[Collected data entries]
________________________________________
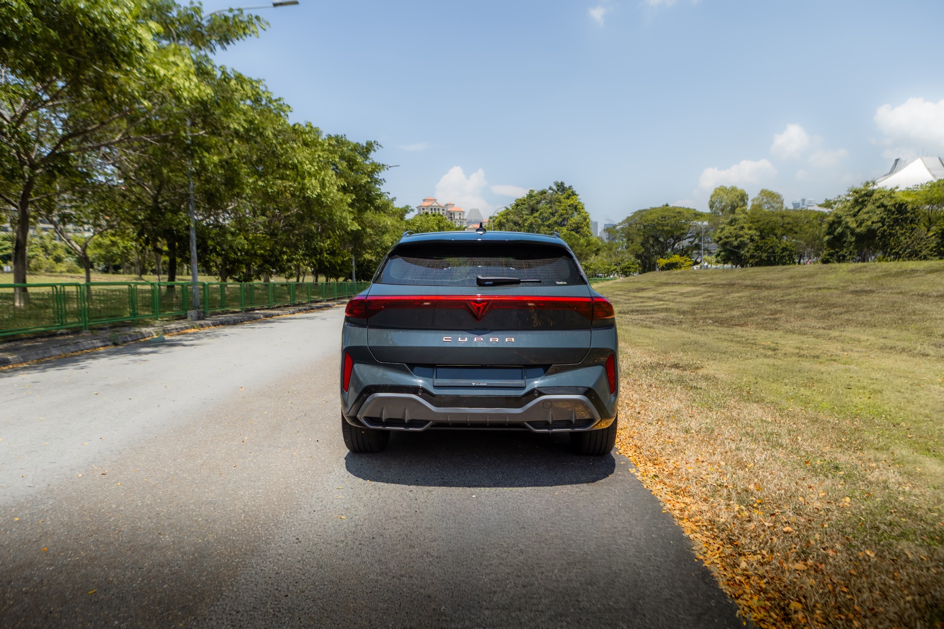 At the rear, the design becomes even more distinctive. A full-width LED light bar integrates seamlessly with the tail lamps, creating a clean and modern visual signature. The illuminated CUPRA badge sits proudly at the centre, reinforcing brand identity, especially at night. The rear bumper is sculpted with a diffuser-inspired finish, adding a sporty touch without appearing excessive.
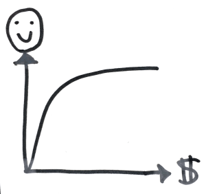 Psykologen Ed Diener har indsamlet store mængder data, som viser en sammenhæng mellem indkomst og glæde. Jo flere penge du tjener, jo gladere er du. Undersøgelsen viser dog at penge gør en mindre forskel jo mere du tjener. Hvis du tjener så lidt at du ikke har råd til husleje og mad vil flere penge gøre dig lykkeligere. Men hvis du har hvad du har brug for, vil penge kun gøre en lille forskel. Forestil dig at du har en tom rygsæk på ryggen. Hvis jeg lægger en flaske vin ned i rygsækken vil du straks mærke at den er blevet tungere. Forestil dig nu at du skal til Spanien og har pakket en stor kuffert. Hvis jeg lægger vinen herned vil du måske kunne mærke at kufferten er blevet en anelse tungere, men forskellen vil føles mindre. Her er et andet eksempel. Alle kan blive enige om at det føles godt at vinde 100 DKK og bedre at vinde 200 DKK. Men det føles ikke dobbelt så godt at vinde 200 DKK som at vinde 100 DKK, selvom gevinsten er dobbelt så høj.
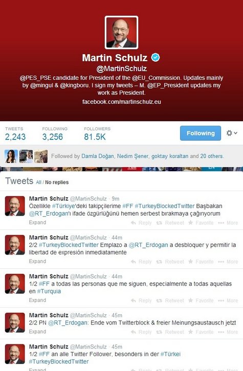 Bugünün Twitter'ın 8. yaş günü olduğuna dikkat çeken Schulz, "Ancak Türkiye'de Başbakan Erdoğan Twitter'ın kökünü kazıma sözü verdiği için bu yaş gününü kutlamak için bir sebep bulamıyoruz." dedi. Erdoğan'ın mahalli seçim kampanyasını 'biz' ve 'onlar', 'vatansever Türkler' ile 'yabancı provokatör ajanlar' söylemleri ile sürdürdüğüne işaret eden Schulz, "Bana göre tartışma Türkiye'nin nasıl daha da ileri götürülmesi gerektiği üzerine olmalı. İnterneti, sosyal medyayı ve hür basını boğmak, hakimleri siyasileştirmek Türkiye'yi 21. yüzyılın sorunlarına hazırlamak ve AB'ye yakınlaştırmak için kesinlikle iyi reçeteler değil." dedi.
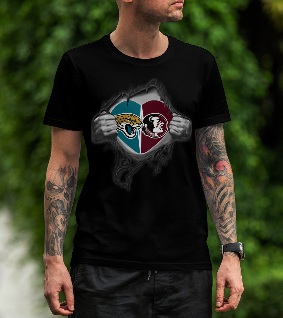 Jaguars Florida State Seminoles Heart Tornчерез T-Shirt
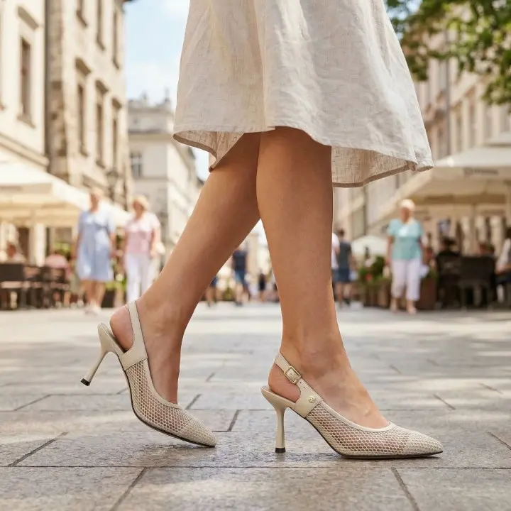 odkrytą piętą znanej polskiej firmy Maciejka. Cholewka
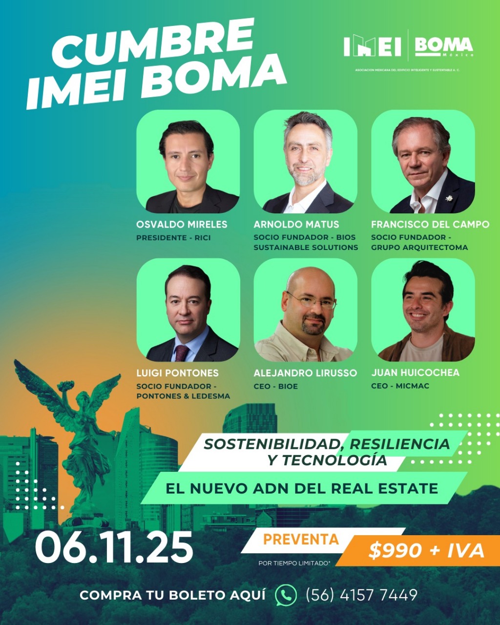 La Cumbre IMEI BOMA 2025 es el encuentro más relevante del año para quienes lideran la transformación del sector inmobiliario hacia la inteligencia, la eficiencia y la sostenibilidad. Un espacio de alto nivel donde convergen profesionales, empresas, desarrolladores, especialistas en tecnología, operación y gestión de edificios.
________________________________________
* [TASK PROMPT]: Would you copy the lines above exactly, starting with the one that has "Bugünün Twitter'ın 8." and ending with the one that has "odkrytą piętą znanej", both included, without the pictures?

* [EXERCISE SOLUTION]:
 Bugünün Twitter'ın 8. yaş günü olduğuna dikkat çeken Schulz, "Ancak Türkiye'de Başbakan Erdoğan Twitter'ın kökünü kazıma sözü verdiği için bu yaş gününü kutlamak için bir sebep bulamıyoruz." dedi. Erdoğan'ın mahalli seçim kampanyasını 'biz' ve 'onlar', 'vatansever Türkler' ile 'yabancı provokatör ajanlar' söylemleri ile sürdürdüğüne işaret eden Schulz, "Bana göre tartışma Türkiye'nin nasıl daha da ileri götürülmesi gerektiği üzerine olmalı. İnterneti, sosyal medyayı ve hür basını boğmak, hakimleri siyasileştirmek Türkiye'yi 21. yüzyılın sorunlarına hazırlamak ve AB'ye yakınlaştırmak için kesinlikle iyi reçeteler değil." dedi.
 Jaguars Florida State Seminoles Heart Tornчерез T-Shirt
 odkrytą piętą znanej polskiej firmy Maciejka. Cholewka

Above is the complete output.